Aga
Bora
makijaż,
stylizacja.
Temat: Wypasiona suczka pragnie roweru. Wawa
Hau!Mam na imię Zoja, dwa lata mam i łap cztery. I owszem, wyglądam jak klasyczny nietopies, ale to tylko pozory!
Za chwilę zresztą doczytacie.
Jak na francuskiego pieska przystało, jestem rasową hedonistką.
Pasjami uwielbiam, kiedy życie upływa mi na przyjemnościach.
Zapewniam więc, że jestem najlepszym dowodem na to, że pieskie życie to nie jest złe życie:).
Największą frajdę sprawia mi aktywne spędzanie czasu. Ja normalnie mam chyba adehade, tak przynajmniej twierdzi moja Pani, kiedy zdyszana próbuje mnie dogonić. Mija dzień trzeci, a ta mnie goni. W końcu kiedy mnie już prawie ma, zniecierpliwiona woła: Aaaa, wiesz co? Goń się! No, mnie dwa razy powtarzać nie trzeba.
No to ja w nogi. I tak się ganiamy. W końcu to jednak ja padam na pysk. Przecież nie jestem chartem ani wyżłem. No heeeeloooł....
Może jeszcze kilka słów o sobie:
Kiedy byłam mała, to byłam czarna i grałam w kosza. Jednak nadszedł dzień, kiedy spojrzałam prawdzie w oczy.
No i, umówmy się, w końcu nawet ja zauważyłam, że jednak jestem trochę za niska na zawodowstwo,
a poza tym, proszę człowieków, to ja jestem stworzona do wyższych celów, phi!
Tak więc lubię sobie czasem porzeźbić w drewnie.

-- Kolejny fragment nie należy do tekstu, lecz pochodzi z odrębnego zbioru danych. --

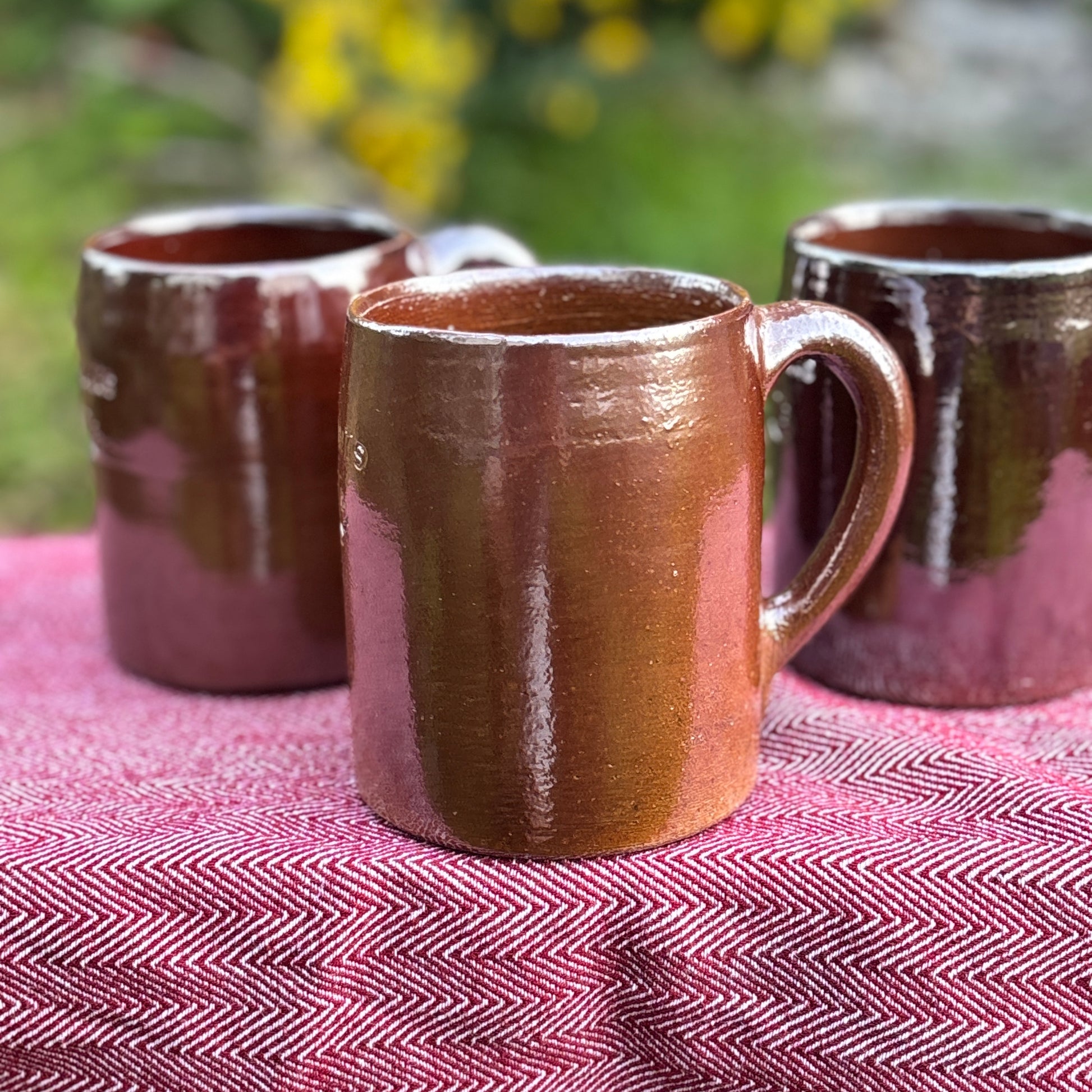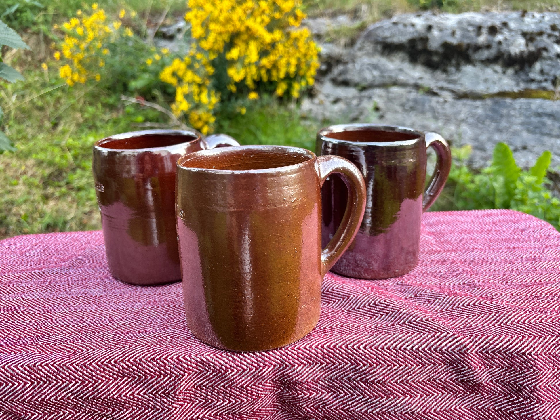 Tre kjempefine og velholdte gamle krus i brun keramikk fra svenske Höganäs.

Wybieram najmniejsze patyczki i przerabiam każdy taki malusi patyczek na zyliardy mniejszych patyczuniów.
Ktoś podobno to opatentował i zbija na tym niezłą ponoć kasę. Sprzedaje to pod nazwą "wykałaczki". Też coś!
Od intelektualnej strony nie stronię jednakowoż, ależ jakżeby, gdzieżby!
Często czytam przed snem. I wiecie, co, chyba w poprzednim życiu byłam korektorem.
No lubię sobie, cholera, wyłapać z lektury muchy...czy jak wy to mówicie: byki.
Czytanie mnie ewidentnie relaksuje, mam niezbite dowody:
Jednak największą moją pasją jest jazda rowerem.
No kuuuurna, ten wiatr we włosach! Te trzepoczące na tym wietrze uszy-niczym te pierwszomajowe chorągwie .
A najlepsze są te zazdrosne spojrzenia wszystkich tych drepczących i niemobilnych. Tych wszystkich yorków, amstaffów i jamników. I jeszcze pudelków.
Oni przy nodze pana, łapa za łapą, a ja co? A ja sobie na to wszystko patrzę z góry, w ułamku sekundy mijam ich z wyższością i za chwilę mam ich wszystkich w...w tyle.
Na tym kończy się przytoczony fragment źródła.